* **Brief**:
The expected copy holds every entry exactly and none of the pictures.

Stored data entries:
┏━━

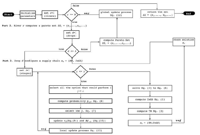 The novelty in this work is to compare the performance of the proposed IWD algorithm with exhaustive enumeration for an instance size that the optimum Pareto set can be computed. Moreover, the model in this paper considers more than one option to perform a stage, contrary to what is done in the aforementioned proposal. In relation to the application of IWD to the SCD problem, there is no published attempt to solve the bi-objective SC configuration by means of IWD as shown in recent surveys specialised in SC design problem [15-17].
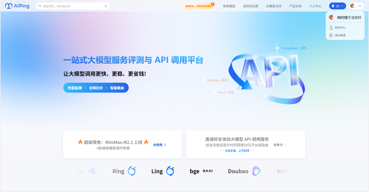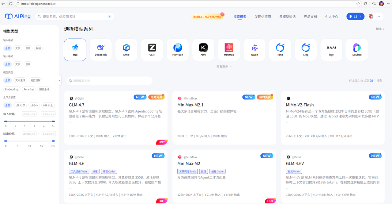 在国产大模型快速迭代的当下,AI Ping 平台作为国内领先的大模型服务评测与聚合平台,聚合了智谱、MiniMax 等主流厂商的 95+ 款模型,涵盖文本生成、视觉理解等多种类型,为开发者提供了统一调用入口与客观性能数据参考。其中,最新上线的 GLM-4.7 与 MiniMax M2.1 两款旗舰模型,分别聚焦不同工程场景需求,且支持免费体验与 OpenAI 兼容接口调用,成为开发者处理复杂任务的得力工具。本文将详细介绍两款模型的核心特性、使用配置流程及实践建议。
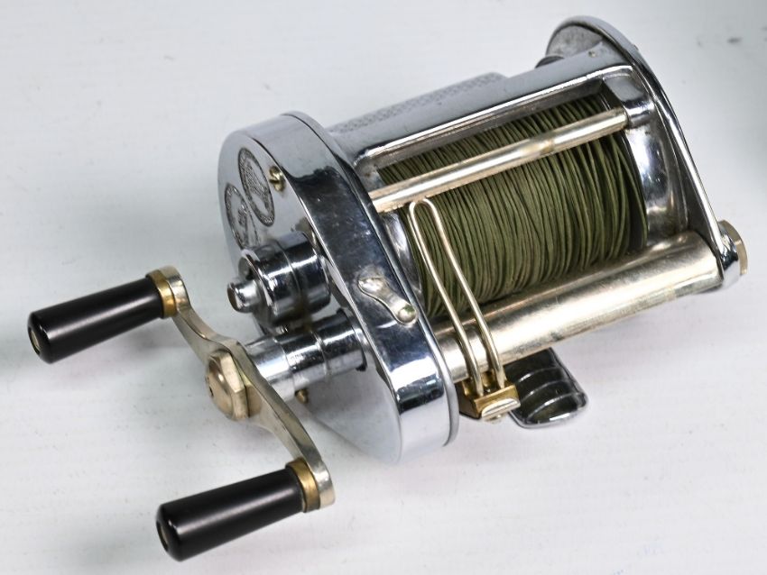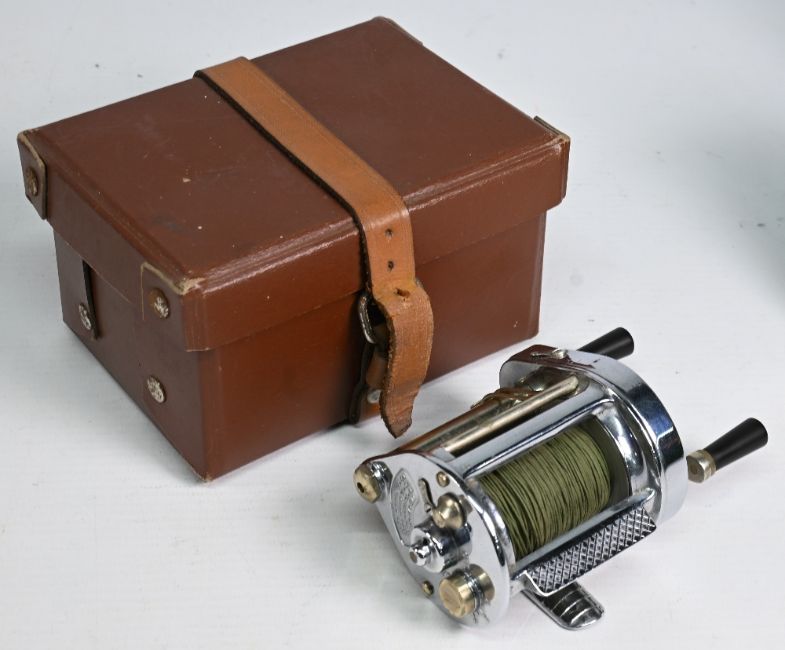 Hardy Bros "The Elarex" bait casting reel, chrome plated on/off check and side tensioner, twin handles, level wind with maintenance instructions, cloth pouch and rexin case. Light use, runs smooth
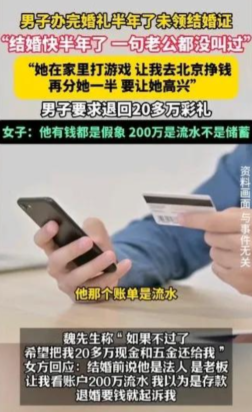 原来,在河南不少地方有先办婚礼后领证的习俗,魏先生便是如此。如今,女方拒绝领证,魏先生觉得日子过不下去,希望女方退还20多万彩礼及五金。
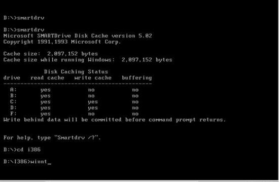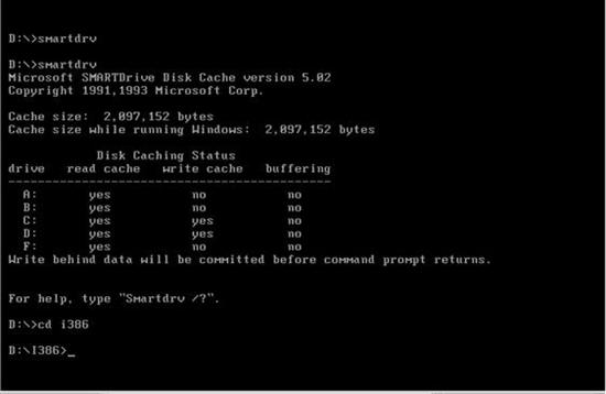 从网上下载的系统文件大部分是一个ISO文件,下载回来的ISO用WINRAR解压或用虚拟光驱,把里面的I386目录(只要I386)文件提取出来,复制到硬盘中,并将smartdrv工具也放在这个目录中,方便在DOS下时调用。
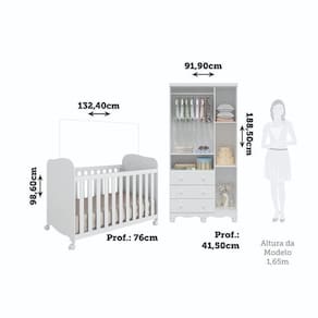 Guarda Roupa: 188,5 x 91,9 x 41,5 (AxLxP - cm) Altura do Conjunto: 188.5 cm Ambiente: null Ambiente Principal: Quarto de Bebê Cor: Branco Brilho Estrado com Regulagem de Altura: Sim Informação Complementar: 1x Berço Americano 100% MDF com rodízios Mimo Branco Brilho Largura: 132,4 Altura: 98.59999999999999 Peso: 29.9 Profundidade: 76 Necessita Montagem: Sim
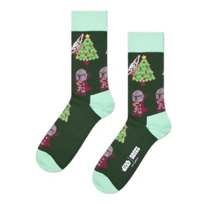 Happy Socks Star Wars The Mandalorian Xmas Tree Sock, Dark Green, 36 40
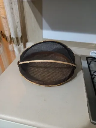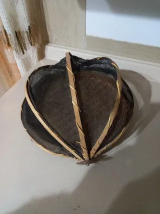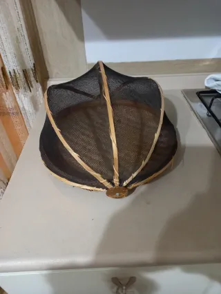 Cesto vintage con una rete protettiva. Ideale per conservare alimenti o come elemento decorativo. - Struttura in materiale intrecciato. - Rete fine per protezione. Misure diametro 33 cm

┗━━

* **Result of the exercise**:
 The novelty in this work is to compare the performance of the proposed IWD algorithm with exhaustive enumeration for an instance size that the optimum Pareto set can be computed. Moreover, the model in this paper considers more than one option to perform a stage, contrary to what is done in the aforementioned proposal. In relation to the application of IWD to the SCD problem, there is no published attempt to solve the bi-objective SC configuration by means of IWD as shown in recent surveys specialised in SC design problem [15-17].
 在国产大模型快速迭代的当下,AI Ping 平台作为国内领先的大模型服务评测与聚合平台,聚合了智谱、MiniMax 等主流厂商的 95+ 款模型,涵盖文本生成、视觉理解等多种类型,为开发者提供了统一调用入口与客观性能数据参考。其中,最新上线的 GLM-4.7 与 MiniMax M2.1 两款旗舰模型,分别聚焦不同工程场景需求,且支持免费体验与 OpenAI 兼容接口调用,成为开发者处理复杂任务的得力工具。本文将详细介绍两款模型的核心特性、使用配置流程及实践建议。
 Hardy Bros "The Elarex" bait casting reel, chrome plated on/off check and side tensioner, twin handles, level wind with maintenance instructions, cloth pouch and rexin case. Light use, runs smooth
 原来,在河南不少地方有先办婚礼后领证的习俗,魏先生便是如此。如今,女方拒绝领证,魏先生觉得日子过不下去,希望女方退还20多万彩礼及五金。
 从网上下载的系统文件大部分是一个ISO文件,下载回来的ISO用WINRAR解压或用虚拟光驱,把里面的I386目录(只要I386)文件提取出来,复制到硬盘中,并将smartdrv工具也放在这个目录中,方便在DOS下时调用。
 Guarda Roupa: 188,5 x 91,9 x 41,5 (AxLxP - cm) Altura do Conjunto: 188.5 cm Ambiente: null Ambiente Principal: Quarto de Bebê Cor: Branco Brilho Estrado com Regulagem de Altura: Sim Informação Complementar: 1x Berço Americano 100% MDF com rodízios Mimo Branco Brilho Largura: 132,4 Altura: 98.59999999999999 Peso: 29.9 Profundidade: 76 Necessita Montagem: Sim
 Happy Socks Star Wars The Mandalorian Xmas Tree Sock, Dark Green, 36 40
 Cesto vintage con una rete protettiva. Ideale per conservare alimenti o come elemento decorativo. - Struttura in materiale intrecciato. - Rete fine per protezione. Misure diametro 33 cm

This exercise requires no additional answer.